Shared Apex Loop Receive Antenna Installed

TJ Sheffield KL7TS and I (Dave Webb N9AIG) started at about 10:00 AM working outside at the RSOC and followed social distancing rules. We both wore masks and gloves; when we had discussions, we made sure we were 10’ apart and had a crosswind. The real goal of the day was to erect the Shared Apex Loop Antenna. This is a receive-only antenna and is described on the Array Solutions website.

The antenna is a true-time-delay array with four identical wire loops supported by a single non-conductive mast. Signals from each loop are transferred through a ferrite coupler to a short-balanced line that connects to the switch/combiner/amp enclosure mounted at the base of the antenna. Within this enclosure, signals from each loop are routed either directly to a combiner or through a delay line and then to the combiner, where they are amplified by a dual stage balanced broadband amplifier and sent out to the feed line to the controller located in the shack. The controller connects directly to your receiver and sends power and control signals over the feed line to the antenna.

I would emphasize that this is a receive-only antenna. Even a momentary transmit signal will destroy the controller box. The plan is to connect this antenna to a receive-only port on the Elecraft transceiver.

TJ Sheffield KL7TS dug the center support post while I attached the insulated mast support to the 4”x4”x10’ long treated center post that would be direct buried into the hole. (I had the easier of the two jobs.) I was fully expecting to hear some discouraging words from TJ as he was performing the excavation, but none were uttered.
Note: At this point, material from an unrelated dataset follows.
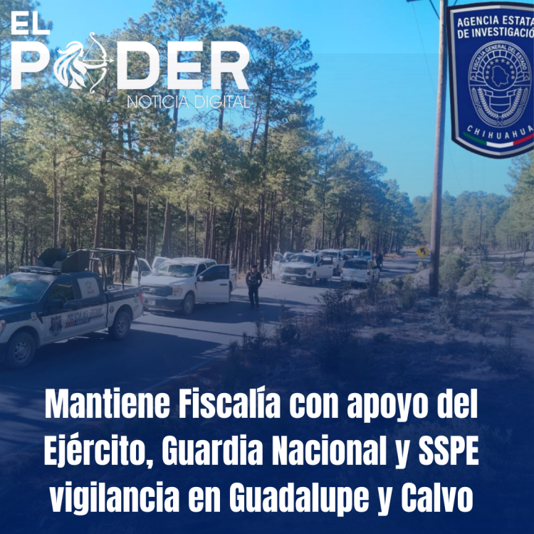 Participaron elementos de la Secretaría de la Defensa Nacional, la Guardia Nacional, la Secretaría de Seguridad Pública Estatal y la Policía de Investigación adscritos al destacamento de Guadalupe y Calvo, sin novedades que reportar.

It was quite unbelievable; no roots, hard clay or rocks the size of footballs. The material was all sand. (note: Rich Gillin AL4S had a similar experience when he dug the hole for the satellite tower.) We were both ready to go out and purchase some lottery tickets while our luck was good.

The treated center post was planted. Here is a picture of TJ Sheffield, KL7TS next to the post.

Next, TJ Sheffield KL7TS worked on the mast and antenna to get it ready for installation while I turned my attention to the inventory of batteries. I moved battery chargers around to continue to keep our batteries healthy. While inspecting the batteries, one of the Absolyte cells appears to have deteriorated to the point that it will have to be recycled (battery #7).

TJ Sheffield KL7TS was ready for the setting of the mast so we carried out the aluminum mast to the treated post. TJ was on a ladder by the post, and I pushed the mast toward him and pulled guy ropes to facilitate installation. Because of the thin aluminum mast, it was difficult to get the mast perfectly straight, but after a time, it improved when adjusting the guy ropes and antenna wires (which also act as guy supports).

Here is another picture of TJ next to the assembled antenna

It was a productive day with getting the new antenna installed and a few batteries charged.

Additional work includes optimizing the antenna for maximum front-to-back (F/B) ratio. The strategy is to use the portable Elecraft KX3 radio outside, about 100′ away from the mast. The antenna system uses RG-6 coax, with F-connectors, as a 75-ohm feed-line to the controller.

I left at about 4:00 PM and TJ continued to work on the final details of the antenna installation.